Supplied material:

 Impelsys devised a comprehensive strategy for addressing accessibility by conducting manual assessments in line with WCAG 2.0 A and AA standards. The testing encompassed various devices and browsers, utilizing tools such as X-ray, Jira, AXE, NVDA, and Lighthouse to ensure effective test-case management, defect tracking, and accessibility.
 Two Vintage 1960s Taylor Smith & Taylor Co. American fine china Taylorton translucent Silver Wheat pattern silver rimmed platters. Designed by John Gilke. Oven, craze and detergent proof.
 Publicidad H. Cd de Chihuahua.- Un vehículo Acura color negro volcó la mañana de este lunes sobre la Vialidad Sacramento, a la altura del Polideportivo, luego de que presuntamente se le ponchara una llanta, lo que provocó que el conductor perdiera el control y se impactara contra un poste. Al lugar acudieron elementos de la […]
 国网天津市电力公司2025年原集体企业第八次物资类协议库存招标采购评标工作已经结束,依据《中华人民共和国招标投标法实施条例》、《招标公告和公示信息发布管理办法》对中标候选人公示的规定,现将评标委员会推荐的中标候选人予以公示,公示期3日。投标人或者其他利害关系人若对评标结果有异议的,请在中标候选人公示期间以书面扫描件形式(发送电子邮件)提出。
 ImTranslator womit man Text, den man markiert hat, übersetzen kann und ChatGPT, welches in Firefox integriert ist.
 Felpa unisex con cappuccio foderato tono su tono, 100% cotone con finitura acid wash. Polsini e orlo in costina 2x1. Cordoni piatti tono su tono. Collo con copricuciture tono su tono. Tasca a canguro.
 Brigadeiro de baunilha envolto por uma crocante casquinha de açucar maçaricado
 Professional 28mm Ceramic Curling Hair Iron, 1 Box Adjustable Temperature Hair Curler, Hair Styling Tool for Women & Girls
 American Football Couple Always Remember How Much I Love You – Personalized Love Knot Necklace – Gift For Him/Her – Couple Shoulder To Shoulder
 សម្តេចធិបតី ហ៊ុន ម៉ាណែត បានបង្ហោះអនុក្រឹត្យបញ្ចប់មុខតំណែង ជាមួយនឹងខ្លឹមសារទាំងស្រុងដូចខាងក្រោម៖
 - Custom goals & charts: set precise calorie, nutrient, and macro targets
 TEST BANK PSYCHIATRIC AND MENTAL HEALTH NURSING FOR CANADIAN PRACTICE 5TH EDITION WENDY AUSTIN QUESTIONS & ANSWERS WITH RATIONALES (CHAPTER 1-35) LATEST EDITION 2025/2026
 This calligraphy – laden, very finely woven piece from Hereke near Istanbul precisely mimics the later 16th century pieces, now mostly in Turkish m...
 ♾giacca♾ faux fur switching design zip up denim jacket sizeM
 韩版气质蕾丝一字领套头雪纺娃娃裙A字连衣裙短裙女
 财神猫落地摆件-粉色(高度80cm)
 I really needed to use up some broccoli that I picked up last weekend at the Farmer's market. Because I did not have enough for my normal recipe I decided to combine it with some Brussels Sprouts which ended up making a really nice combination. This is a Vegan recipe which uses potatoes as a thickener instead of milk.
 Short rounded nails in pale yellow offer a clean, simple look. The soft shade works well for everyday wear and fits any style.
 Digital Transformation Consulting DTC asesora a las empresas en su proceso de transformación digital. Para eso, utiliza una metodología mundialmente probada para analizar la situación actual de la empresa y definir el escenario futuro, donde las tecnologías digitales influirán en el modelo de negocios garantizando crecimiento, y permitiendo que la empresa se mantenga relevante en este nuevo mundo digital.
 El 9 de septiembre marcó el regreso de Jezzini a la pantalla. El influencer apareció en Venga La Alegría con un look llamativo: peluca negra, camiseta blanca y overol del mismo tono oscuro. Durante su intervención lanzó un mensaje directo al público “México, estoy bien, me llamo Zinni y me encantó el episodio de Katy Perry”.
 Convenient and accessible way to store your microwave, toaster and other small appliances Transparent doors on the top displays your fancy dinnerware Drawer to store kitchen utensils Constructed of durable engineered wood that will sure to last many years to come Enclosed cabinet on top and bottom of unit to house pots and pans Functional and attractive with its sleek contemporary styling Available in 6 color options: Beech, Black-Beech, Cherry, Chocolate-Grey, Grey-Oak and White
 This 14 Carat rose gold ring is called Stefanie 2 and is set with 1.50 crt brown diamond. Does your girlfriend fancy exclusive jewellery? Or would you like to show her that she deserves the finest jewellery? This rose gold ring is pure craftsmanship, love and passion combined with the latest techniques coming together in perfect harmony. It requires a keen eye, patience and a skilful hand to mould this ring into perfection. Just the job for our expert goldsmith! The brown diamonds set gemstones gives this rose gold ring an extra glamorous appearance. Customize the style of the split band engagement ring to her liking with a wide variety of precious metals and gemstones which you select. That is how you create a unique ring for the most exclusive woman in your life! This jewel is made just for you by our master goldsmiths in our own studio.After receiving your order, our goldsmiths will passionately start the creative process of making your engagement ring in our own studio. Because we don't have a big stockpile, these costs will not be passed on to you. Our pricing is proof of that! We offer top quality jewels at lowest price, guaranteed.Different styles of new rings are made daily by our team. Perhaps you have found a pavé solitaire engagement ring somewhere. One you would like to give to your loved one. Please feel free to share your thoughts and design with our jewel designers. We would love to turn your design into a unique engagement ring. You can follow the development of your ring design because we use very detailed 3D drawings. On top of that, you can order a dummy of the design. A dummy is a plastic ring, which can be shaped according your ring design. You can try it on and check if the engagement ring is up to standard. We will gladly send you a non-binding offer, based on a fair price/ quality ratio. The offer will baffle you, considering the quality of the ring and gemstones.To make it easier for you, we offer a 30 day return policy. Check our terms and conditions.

What is expected:
Beginning at the first line of the records, retype exactly every line up to and including the one with "Two Vintage 1960s".

Response to the exercise:
 Impelsys devised a comprehensive strategy for addressing accessibility by conducting manual assessments in line with WCAG 2.0 A and AA standards. The testing encompassed various devices and browsers, utilizing tools such as X-ray, Jira, AXE, NVDA, and Lighthouse to ensure effective test-case management, defect tracking, and accessibility.
 Two Vintage 1960s Taylor Smith & Taylor Co. American fine china Taylorton translucent Silver Wheat pattern silver rimmed platters. Designed by John Gilke. Oven, craze and detergent proof.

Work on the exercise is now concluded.